Your job is to give again, exactly and with no additions, the lines in the records below from the one with "Stylové jurty na" through the one with "ナチュラルな雰囲気の多肉植物", both included. Omit the pictures.

— Source data —
·····
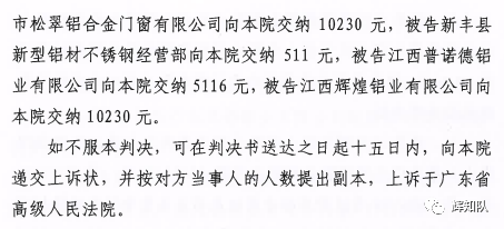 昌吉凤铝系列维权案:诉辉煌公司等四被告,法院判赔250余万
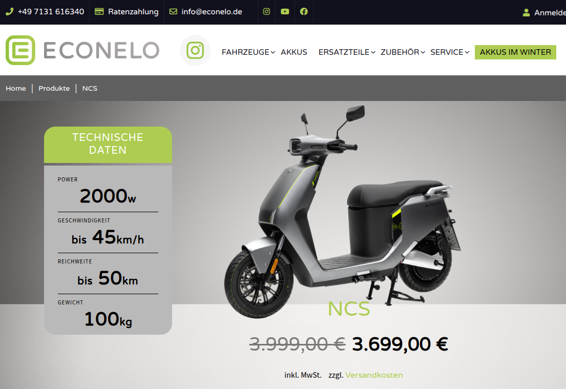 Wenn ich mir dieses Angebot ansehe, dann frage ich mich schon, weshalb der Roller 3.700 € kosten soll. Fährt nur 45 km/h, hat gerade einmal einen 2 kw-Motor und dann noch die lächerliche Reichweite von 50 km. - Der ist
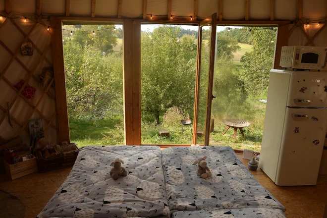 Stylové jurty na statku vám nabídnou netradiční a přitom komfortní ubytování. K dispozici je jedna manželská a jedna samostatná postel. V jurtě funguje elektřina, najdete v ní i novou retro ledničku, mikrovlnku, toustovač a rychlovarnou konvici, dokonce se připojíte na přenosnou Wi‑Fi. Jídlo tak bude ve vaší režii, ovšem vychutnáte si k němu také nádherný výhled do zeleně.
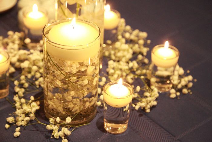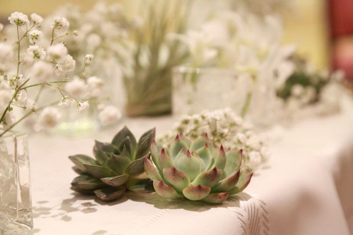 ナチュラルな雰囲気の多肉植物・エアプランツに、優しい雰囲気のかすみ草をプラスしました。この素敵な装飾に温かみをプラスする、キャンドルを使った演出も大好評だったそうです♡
·····
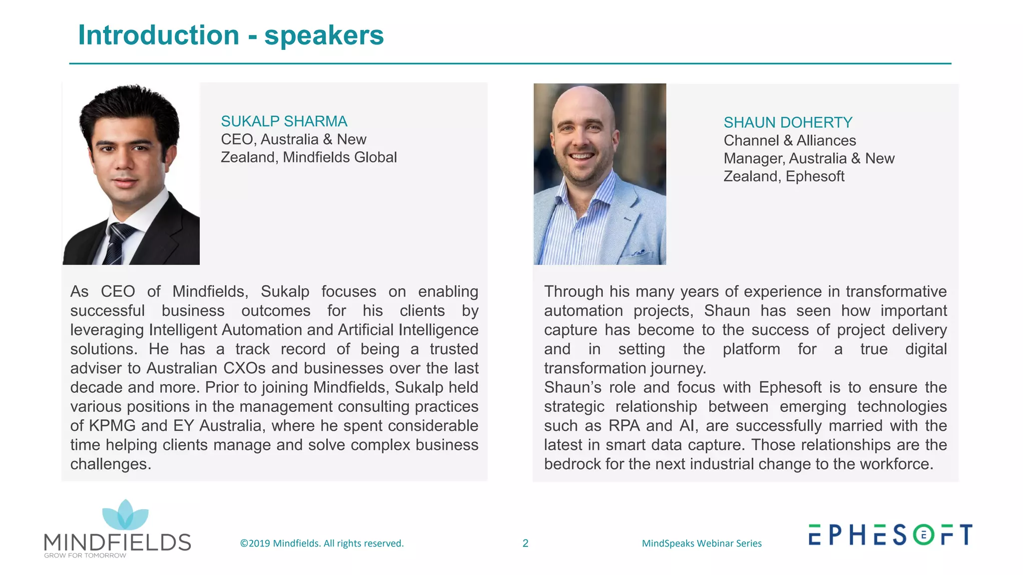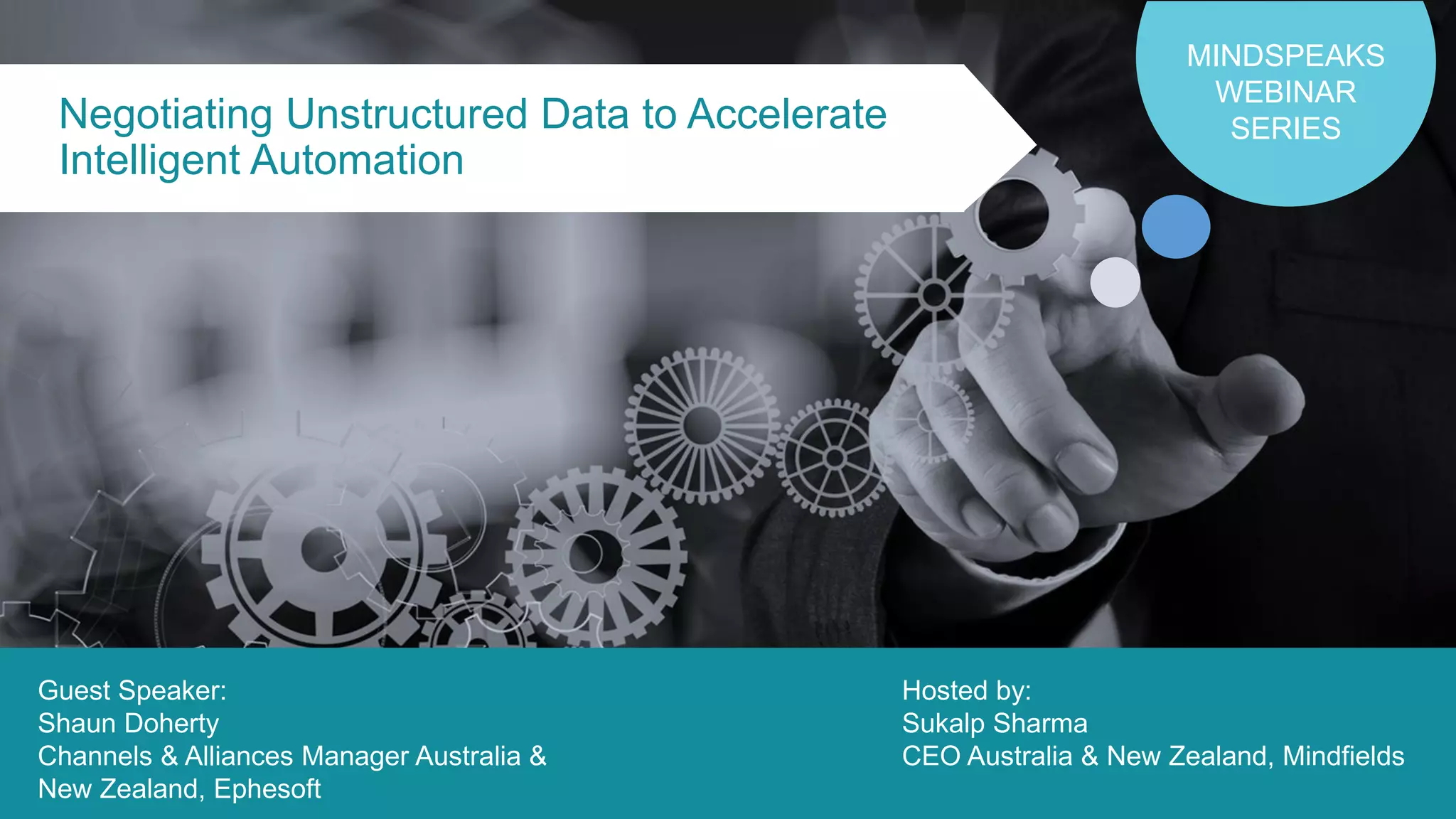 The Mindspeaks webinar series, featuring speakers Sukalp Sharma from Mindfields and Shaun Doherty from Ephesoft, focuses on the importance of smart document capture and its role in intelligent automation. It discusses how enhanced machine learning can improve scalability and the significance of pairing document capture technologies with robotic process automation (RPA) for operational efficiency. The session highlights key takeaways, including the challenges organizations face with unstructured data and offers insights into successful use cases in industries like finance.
·····
— Result of the task —
 Stylové jurty na statku vám nabídnou netradiční a přitom komfortní ubytování. K dispozici je jedna manželská a jedna samostatná postel. V jurtě funguje elektřina, najdete v ní i novou retro ledničku, mikrovlnku, toustovač a rychlovarnou konvici, dokonce se připojíte na přenosnou Wi‑Fi. Jídlo tak bude ve vaší režii, ovšem vychutnáte si k němu také nádherný výhled do zeleně.
 ナチュラルな雰囲気の多肉植物・エアプランツに、優しい雰囲気のかすみ草をプラスしました。この素敵な装飾に温かみをプラスする、キャンドルを使った演出も大好評だったそうです♡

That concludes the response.